Polynomial regression was used to investigate the extent to which inhibition of ChE activity in the brains of quail exposed for 6 hours on the simulated field could be predicted by log of the octanol:water partition coefficients (Kow) of the OPs. Quadratic polynomial curves were significantly fit to brain ChE activity inhibition data at both 24 (r2=0.888, p<0.001) and 72 hours (r2=0.871, p<0.001) post-exposure. These curves indicate that OPs having log Kow in the range of 0 to 1.5 will be those most rapidly absorbed and distributed under field conditions. A similar effort to predict the further inhibition of brain ChE activity in quail associated with the additional exposure to the pesticide spray itself yielded a significant quadratic polynomial curve at 24 hours post-exposure (r2=0.621, p=0.013). Comments are provided as to the utility and relevance of the findings in ecological risk assessment for pesticide registration.

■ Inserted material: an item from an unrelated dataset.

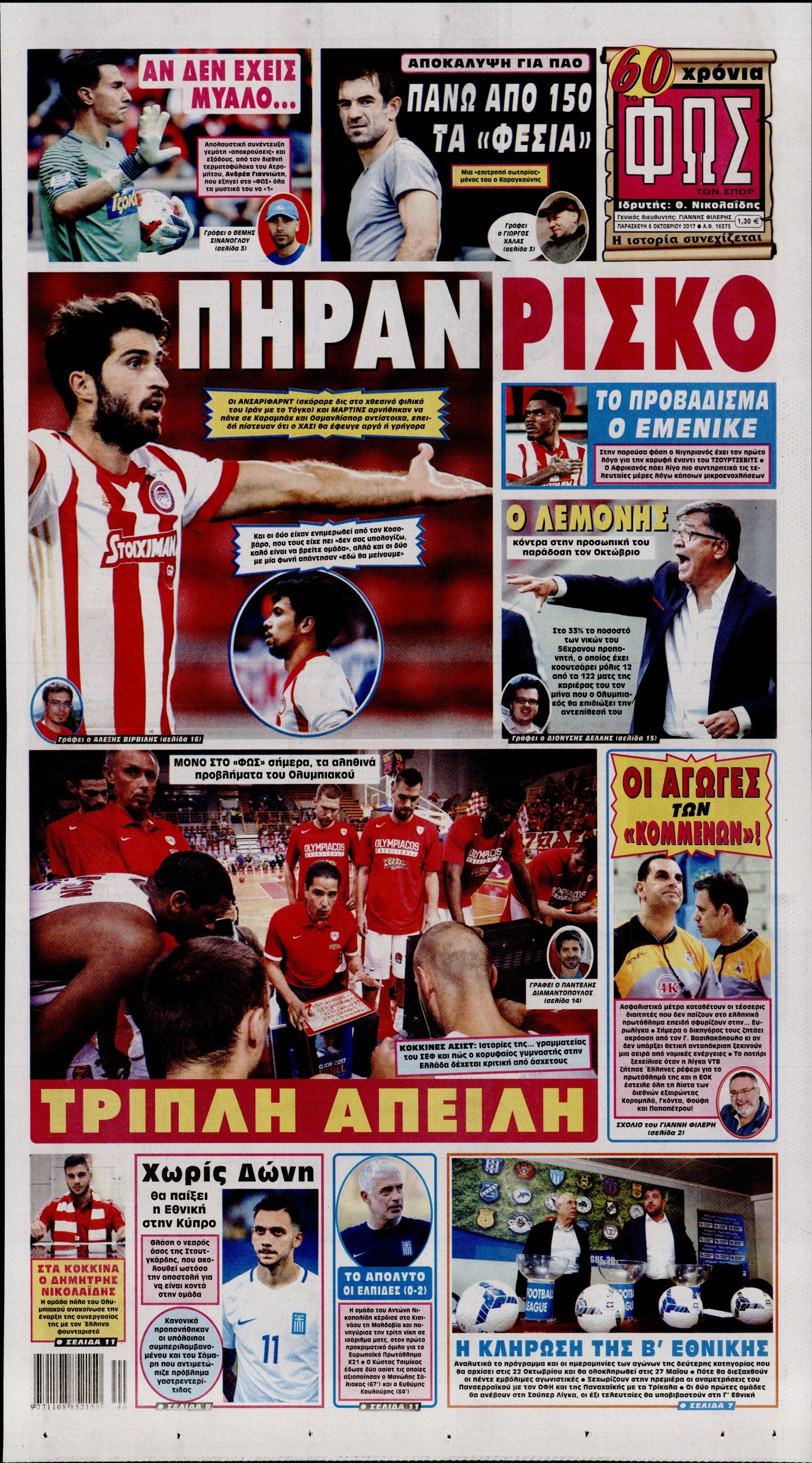 Οι αθλητικές εφημερίδες 6/10/2017 Enikos Newsroom 07:36, Παρασκευή 06 Οκτωβρίου 2017 Media Διαβάστε τα σημερινά πρωτοσέλιδα των αθλητικών εφημερίδων: ΑΘΛΗΤΙΚΕΣ ΕΦΗΜΕΡΙΔΕΣ ΠΡΩΤΟΣΕΛΙΔΑ Μοιράσου το: σχολίασε κι εσύ (0 σχόλια) Ακολουθήστε το enikos.gr στο Google News και μάθετε πρώτοι όλες τις ειδήσεις Δείτε όλες τις τελευταίες ειδήσεις από την Ελλάδα και τον Κόσμο στο enikos.gr Ειδήσεις Ροή Ειδήσεων 2 ώρες πριν Αγρότες: Πολύωροι αποκλεισμοί στα τελωνεία Προμαχώνα, Εξοχής, Ευζώνων και Νίκης – Κλείνουν τον κόμβο Φιλώτα οι παραγωγοί στη Δυτική Μακεδονία 1 ώρα πριν Νίκος Παππάς: Ζητώ συγγνώμη για αυτό το επεισόδιο – Δεν τον γρονθοκόπησα 3 ώρες πριν Ευρωπαϊκό Συμβούλιο: Όλες οι λεπτομέρειες για το δάνειο των 90 δισ. ευρώ στην Ουκρανία – Τα συμπεράσματα της Συνόδου Κορυφής 3 ώρες πριν Αίγιο: 22χρονη κατήγγειλε ότι έπεσε θύμα βιασμού και ληστείας από συγγενικά της πρόσωπα 1 ώρα πριν Τρομακτικό βίντεο: Η στιγμή της έκρηξης στο τζετ που μετέφερε τον οδηγό του NASCAR, Γκρεγκ Μπιφλ και την οικογένειά του 2 ώρες πριν Αλλαγή σελίδας για 3 ζώδια – «Μία δύσκολη περίοδος φτάνει στο τέλος της» 2 ημέρες πριν 20 χρόνια τα Χριστούγεννα ξεκινούν στα Public με μεγάλη ποικιλία σε δώρα! 3 ώρες πριν Ο σύζυγός της συμπεριφέρεται όπως το παιδί τους – «Χρησιμοποιεί αστείες δικαιολογίες για να μην κάνει δουλειές και να ξοδεύει λεφτά» 51 λεπτά πριν Γεμάτος νεροχύτης; 5 σοβαρές ευθύνες που «φοβίζουν» όσους αφήνουν άπλυτα πιάτα 4 λεπτά πριν Πούτιν: Η Ουκρανία δεν είναι έτοιμη για ειρηνευτικές συνομιλίες – ο ρωσικός στρατός προελαύνει σε όλα τα μέτωπα 10 λεπτά πριν Βουλή: Αποσύρθηκε προσθήκη για έργα του Ταμειακού Προγράμματος Ανάπτυξης της Γ.Γ. Αθλητισμού μετά τις αντιδράσεις της αντιπολίτευσης 15 λεπτά πριν Νορβηγία: Η πριγκίπισσα Μέτε-Μάριτ πιθανότατα θα υποβληθεί σε μεταμόσχευση πνεύμονα 26 λεπτά πριν Ενίσχυση δρομολογίων του Μετρό τις Κυριακές 21 και 28 Δεκεμβρίου – Κυκλοφοριακές ρυθμίσεις αύριο στη Γραμμή 7 του τραμ λόγω εορταστικών εκδηλώσεων 30 λεπτά πριν Βλαντίμιρ Πούτιν: LIVE η συνέντευξη Τύπου για τον απολογισμό της χρονιάς ENIKOS NETWORK Καρκίνος του πνεύμονα: Έως 8.000 ζωές μπορούν να σωθούν με την έγκαιρη διάγνωση Καρδιοπαθείς: Οι νέες συστάσεις για τα εμβόλια που πρέπει να κάνουν τον χειμώνα Επιδόματα και παροχές από τον ΟΠΕΚΑ: Τι πιστώνεται σήμερα στους τραπεζικούς λογαριασμούς Απειλή για τον Προϋπολογισμό τα ληξιπρόθεσμα χρέη των ιδιωτών προς την εφορία – Τι δείχνουν τα στοιχεία Χαρτογραφώντας το «σημείο χωρίς επιστροφή»: Για πρώτη φορά αποκαλύπτεται με λεπτομέρεια το ακανθώδες όριο της ατμόσφαιρας τ... Η Google καταργεί τη λειτουργία «dark web report» – Πώς θα μπορούν οι χρήστες να διαγράφουν τα δεδομένα τους περισσότερα 08:00 , Παρασκευή 19 Δεκεμβρίου 2025 Την Κυριακή με τη Realnews: Δωροεπιταγή 10€ Δωροεπιταγή αξίας 10€ για αγορές άνω των 60€ από τα πολυκαταστήματα FactoryOutlet H προσφορά ι... 05:48 , Παρασκευή 19 Δεκεμβρίου 2025 Οι οικονομικές εφημερίδες 19/12/2025 Διαβάστε τα πρωτοσέλιδα από τις οικονομικές εφημερίδες, σήμερα 19/12/2025. 05:43 , Παρασκευή 19 Δεκεμβρίου 2025 Οι αθλητικές εφημερίδες 19/12/2025 Διαβάστε τα πρωτοσέλιδα από τις αθλητικές εφημερίδες, σήμερα 19/12/2025. 05:38 , Παρασκευή 19 Δεκεμβρίου 2025 Οι πολιτικές εφημερίδες 19/12/2025 Διαβάστε τα πρωτοσέλιδα από τις πολιτικές εφημερίδες, σήμερα 19/12/2025. ΤΕΛΕΥΤΑΙΕΣ ΕΙΔΗΣΕΙΣ 4 λεπτά πριν Πούτιν: Η Ουκρανία δεν είναι έτοιμη για ειρηνευτικές... 10 λεπτά πριν Βουλή: Αποσύρθηκε προσθήκη για έργα του Ταμειακού...

Quail were exposed to DCP and dehydration in controlled, crossed experiments to determine if dehydration could confound the diagnosis of OP exposure using inhibition of ChE activity in quail tissues. Measures of plasma osmolality (Posm) and hematocrit (Hct) quantified dehydration. DCP exposure caused significant inhibition of ChE activity in brain (38%, p<0.001) and plasma (26%, p<0.001). Dehydration caused a significant increase in plasma ChE activity (min. 55%, p<0.001). Variation in the change in plasma ChE activity in response to dehydration was significantly and positively correlated with dehydration-induced variation in both the change in Posm (r2=0.284, p<0.001) and the change in Hct (r2=0.081, p=0.018). The observed correlations suggest plasma ChE activity in quail is not limited to plasma but instead occupies some larger pool of body water. The effects of dehydration on plasma ChE activity masked the inhibitory effects of DCP. Combined dehydration and DCP exposure produced plasma ChE activity that was not significantly different from control values. A method to adjust plasma ChE activities for the confounding effects of dehydration and enable the diagnosis of OP exposure in dehydrated, DCP-exposed quail was developed.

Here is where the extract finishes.